<<<<

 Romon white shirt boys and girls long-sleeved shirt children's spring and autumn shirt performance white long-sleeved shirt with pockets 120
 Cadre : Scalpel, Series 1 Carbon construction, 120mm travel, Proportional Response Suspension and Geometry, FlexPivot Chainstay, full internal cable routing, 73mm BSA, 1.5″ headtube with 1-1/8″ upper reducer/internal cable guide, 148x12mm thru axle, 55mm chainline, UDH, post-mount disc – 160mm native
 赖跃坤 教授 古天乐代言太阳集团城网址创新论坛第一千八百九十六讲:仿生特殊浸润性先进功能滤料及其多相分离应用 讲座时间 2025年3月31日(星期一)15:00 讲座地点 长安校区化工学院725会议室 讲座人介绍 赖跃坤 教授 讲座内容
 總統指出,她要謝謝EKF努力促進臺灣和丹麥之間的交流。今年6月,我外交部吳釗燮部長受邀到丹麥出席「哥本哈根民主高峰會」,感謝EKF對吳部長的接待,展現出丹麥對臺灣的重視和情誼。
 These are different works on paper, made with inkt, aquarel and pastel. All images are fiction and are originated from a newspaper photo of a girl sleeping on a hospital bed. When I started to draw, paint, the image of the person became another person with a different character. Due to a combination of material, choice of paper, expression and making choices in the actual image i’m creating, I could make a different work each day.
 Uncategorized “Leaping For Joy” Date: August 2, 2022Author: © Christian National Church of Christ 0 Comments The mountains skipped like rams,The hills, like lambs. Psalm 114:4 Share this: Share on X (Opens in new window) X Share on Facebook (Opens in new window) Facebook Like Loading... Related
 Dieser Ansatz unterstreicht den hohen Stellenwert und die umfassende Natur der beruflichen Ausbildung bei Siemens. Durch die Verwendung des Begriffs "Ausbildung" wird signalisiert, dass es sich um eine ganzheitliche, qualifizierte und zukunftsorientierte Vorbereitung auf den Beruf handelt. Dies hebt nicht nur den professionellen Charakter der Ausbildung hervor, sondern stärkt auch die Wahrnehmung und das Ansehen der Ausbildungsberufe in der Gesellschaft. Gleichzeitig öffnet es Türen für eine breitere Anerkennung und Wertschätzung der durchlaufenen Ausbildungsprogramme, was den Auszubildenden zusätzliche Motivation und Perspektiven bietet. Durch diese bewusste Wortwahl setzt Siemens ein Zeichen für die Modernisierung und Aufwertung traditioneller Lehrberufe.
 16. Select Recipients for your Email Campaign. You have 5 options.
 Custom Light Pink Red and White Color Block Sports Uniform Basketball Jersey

>>>>

### [Required action]
Of all the entries above, output exactly the lines between the one holding "赖跃坤 教授 古天乐代言太阳集团城网址创新论坛第一千八百九十六讲:仿生特殊浸润性先进功能滤料及其多相分离应用" and the one holding "總統指出,她要謝謝EKF努力", inclusive.

### [Exercise solution]
 赖跃坤 教授 古天乐代言太阳集团城网址创新论坛第一千八百九十六讲:仿生特殊浸润性先进功能滤料及其多相分离应用 讲座时间 2025年3月31日(星期一)15:00 讲座地点 长安校区化工学院725会议室 讲座人介绍 赖跃坤 教授 讲座内容
 總統指出,她要謝謝EKF努力促進臺灣和丹麥之間的交流。今年6月,我外交部吳釗燮部長受邀到丹麥出席「哥本哈根民主高峰會」,感謝EKF對吳部長的接待,展現出丹麥對臺灣的重視和情誼。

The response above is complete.